_Extracted records_:
········
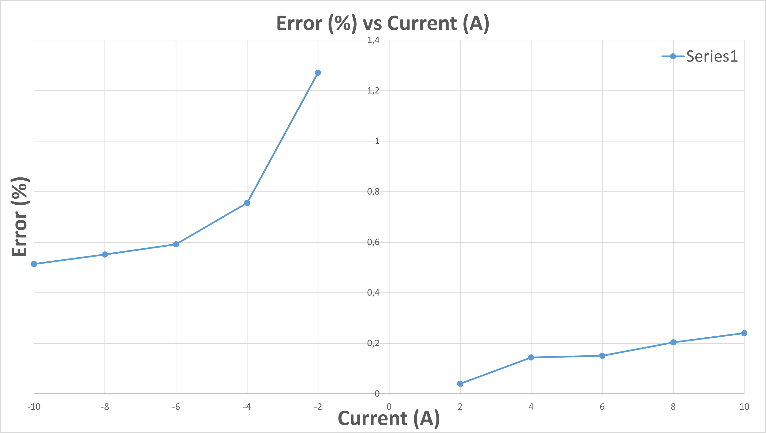 At positive currents the error remains below 0.3%, while at negative currents, the error increases slightly, peaking at -2 A, reaching approximately 1.3%, and then decreases toward ~0.5% at -10 A.
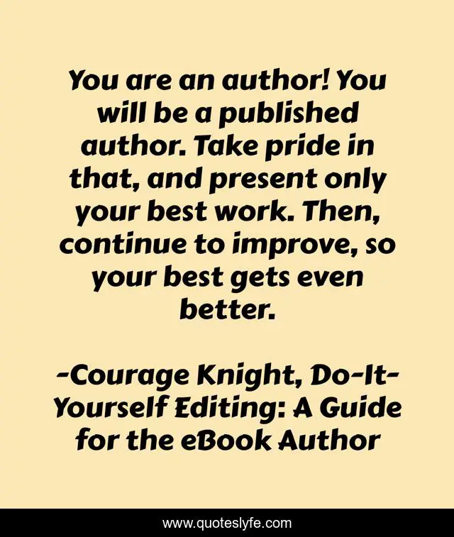 This page presents the quote "You are an author! You will be a published author. Take pride in that, and present only your best work. Then, continue to improve, so your best gets even better.". Author of this quote is Courage Knight, Do-It-Yourself Editing: A Guide for the eBook Author. This quote is about writing-craft, writing-advice, punctuation, writing, grammar, editing,.
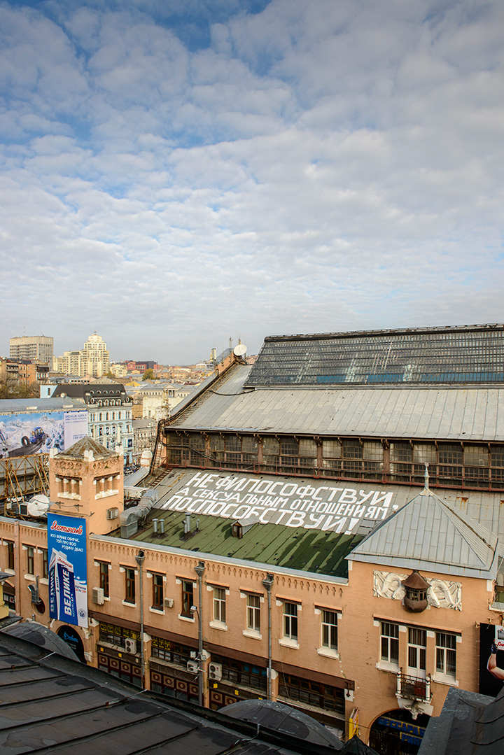 During the exhibition of the 20 shortlisted artists for the PinchukArtCentre Prize 2013, Kurmaz claims both the exhibition venue and the Besarabska market hall and its surroundings. By a series of interventions, Kurmaz confuses the private and public space, cracking open the set expectations of the passer-by.
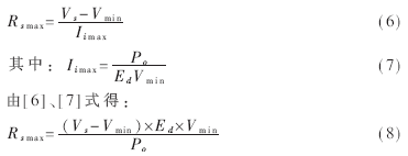 另外由图可知当Vs选定后,工作点就决定于电源内阻Rs。要使工作点永远不会进入非有效工作区,负载线斜率(-1/Rsmax)应有一个极限,即电源内电阻Rs应有一个上限Rsmax。由图可知:
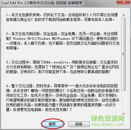 14.最后我们来汉化,打开“Cool2chinese.exe”文件,点击“接受”按钮
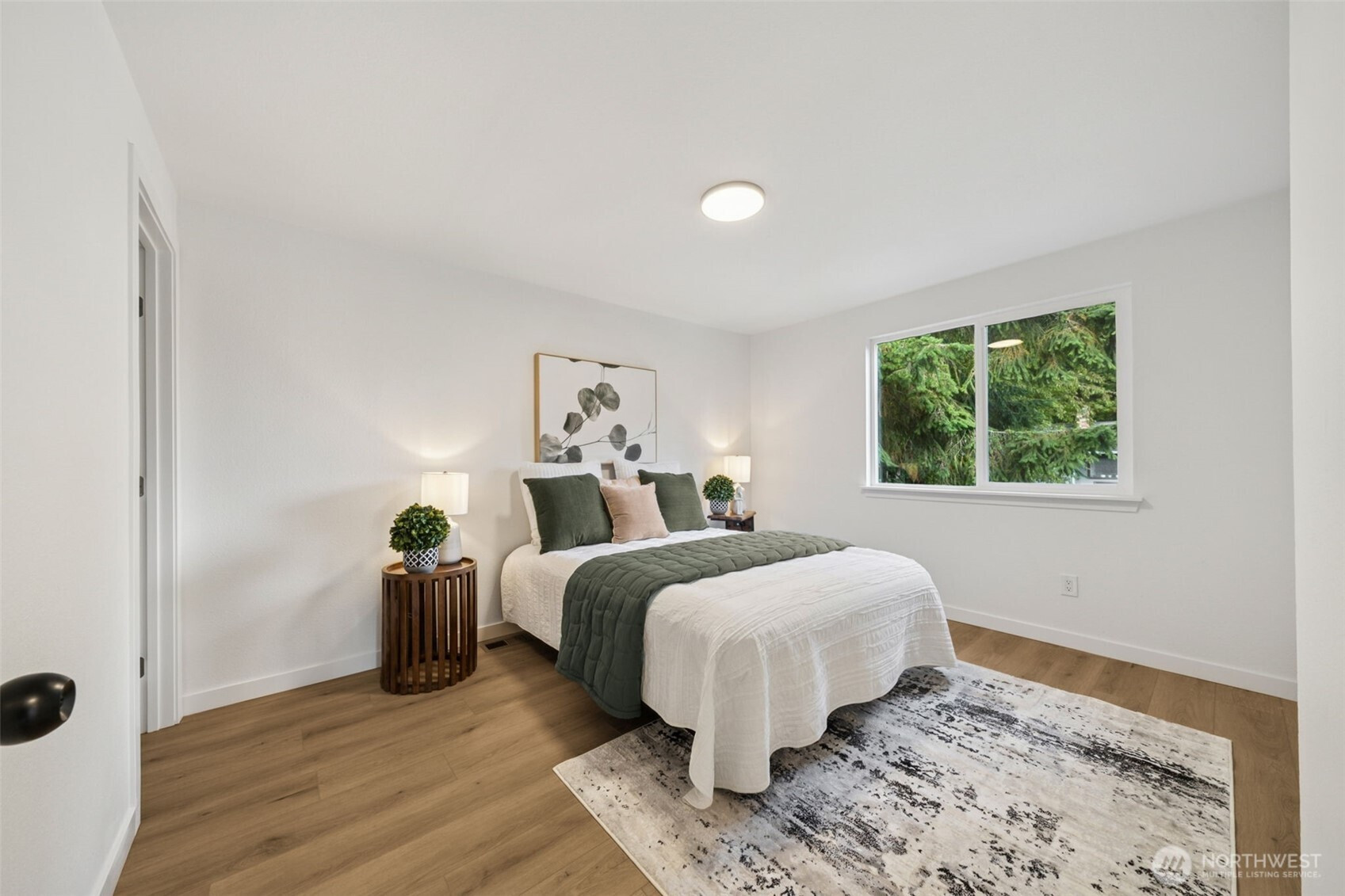 This stunning gallery-style home offers 1,772 sq ft of beautifully redesigned living space! Upstairs features a chef’s kitchen with ample counter space, upgraded cabinets, and a large island with bar seating. The spacious living room boasts a charming wood-burning fireplace, and the light-filled dining area opens to a huge deck. Three bedrooms include a luxurious primary suite. Downstairs showcases a spectacular rec room—perfect for entertaining or movie nights! Set on a 1/3-acre lot with extensive renovations: new roof, windows, paint, flooring, baths, kitchen, water heater, fixtures, doors & millwork!
········
_WHAT YOU SHOULD DO_:
Only the text of the entries belongs in the answer, copied exactly; the pictures stay out.

_REPLY_:
 At positive currents the error remains below 0.3%, while at negative currents, the error increases slightly, peaking at -2 A, reaching approximately 1.3%, and then decreases toward ~0.5% at -10 A.
 This page presents the quote "You are an author! You will be a published author. Take pride in that, and present only your best work. Then, continue to improve, so your best gets even better.". Author of this quote is Courage Knight, Do-It-Yourself Editing: A Guide for the eBook Author. This quote is about writing-craft, writing-advice, punctuation, writing, grammar, editing,.
 During the exhibition of the 20 shortlisted artists for the PinchukArtCentre Prize 2013, Kurmaz claims both the exhibition venue and the Besarabska market hall and its surroundings. By a series of interventions, Kurmaz confuses the private and public space, cracking open the set expectations of the passer-by.
 另外由图可知当Vs选定后,工作点就决定于电源内阻Rs。要使工作点永远不会进入非有效工作区,负载线斜率(-1/Rsmax)应有一个极限,即电源内电阻Rs应有一个上限Rsmax。由图可知:
 14.最后我们来汉化,打开“Cool2chinese.exe”文件,点击“接受”按钮
 This stunning gallery-style home offers 1,772 sq ft of beautifully redesigned living space! Upstairs features a chef’s kitchen with ample counter space, upgraded cabinets, and a large island with bar seating. The spacious living room boasts a charming wood-burning fireplace, and the light-filled dining area opens to a huge deck. Three bedrooms include a luxurious primary suite. Downstairs showcases a spectacular rec room—perfect for entertaining or movie nights! Set on a 1/3-acre lot with extensive renovations: new roof, windows, paint, flooring, baths, kitchen, water heater, fixtures, doors & millwork!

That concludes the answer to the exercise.